In many cases, when one line-item cost is high, other line-item costs are likely to be high. Steel price changes, for instance, can cause simultaneous changes in several line items of a cost estimate. In such cases the user can assign a correlation coefficient to appropriate pairs of line-item distributions. The level of correlation is pretty subjective unless one has data. For example, if we track average unit prices for two items on a weekly or monthly basis, we can use the CORREL function in Excel to calculate the correlation coefficient. When data are not available, one method is to try two or three correlation coefficients (say 0.3, 0.6, 0.9) and examine the impact on the model outputs. For cost models, all (positive) correlation increases the standard deviation of the outputs; correlation does not affect the mean.

### Central limit theorem effects

Cost models follow the pattern of any aggregation model—the outputs tend to have relatively narrow ranges compared to the inputs. As a rule of thumb, summing N similar line items will yield a total with a coefficient of variation that shrinks by a factor of √N . The central limit theorem (see Language of Risk Analysis and Decision Making) says this reduction is exactly true when the distributions are identical, normal, and uncorrelated. In practice, the rule is surprisingly accurate, provided that one or two very large items do not dominate the sum. Also, the rule tends to lose accuracy when several items are highly positively correlated, because the resulting increase of extreme input values tends to spread out the results. The results of an aggregation model tend to be skewed rather than normal when the model includes events simulated using binomial or discrete distributions, such as those used for problem events.

### Level of detail

Historically, deterministic drilling-AFE models might have hundreds of line items—in part, for accounting purposes. Monte Carlo AFE models, however, tend to have a few dozen items. Construction cost estimating models can be even more detailed. One operator had a work breakdown structure (WBS) with 1,300 lines. While it is possible to transform such a detailed model into a Monte Carlo model, the drivers (the most sensitive variables) tend to be 20 or fewer. Therefore some users have two models—one very detailed and the other a more coarse, consolidated version. Keep in mind that one reason for doing risk analysis is to identify key inputs and then try to manage them. Many times the risk analysis model will be designed to optimize use of historical data while allowing the user to track a meaningful level of detail as the project progresses.

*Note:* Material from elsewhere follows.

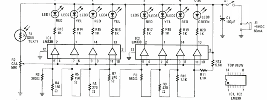 This circuit for photography uses was found in the Electronics Experimenter Handbook Special projects magazine from 1983. The bargraph circuit powers 8 LEDs.

Software continues to improve, but very large, highly detailed models can be difficult to manage. For instance, there is usually some limit on the size of a correlation matrix, yet the models with hundreds of line items will necessitate incorporating correlation (otherwise, the central limit theorem effects will reduce the resulting distribution’s standard deviation to an unrealistically low level of uncertainty). The most popular Monte Carlo application packages are add-ins to Excel, which has a limit on matrix size (256 columns as of spring 2002).

## Summary

Capital expenditure and budgeting models, such as cost and time models, are good examples of aggregation models. In these models, we must address the following:

• what type of distributions to use to describe the input parameters
• what correlation exists among the input parameters
• what level of complexity or detail is appropriate to the model
• what problem events to incorporate

The results we obtain from these models allow us to plan and budget based on a range of outcomes; the sensitivity charts focus our attention on the drivers to apply our risk management and risk-mitigation skills. A simple drilling AFE model (with each activity finishing before the next one begins) was used to illustrate these risk analysis concepts. More complex time and cost models, such as those with concurrent tasks, can also be solved with more complicated spreadsheet models or other existing software.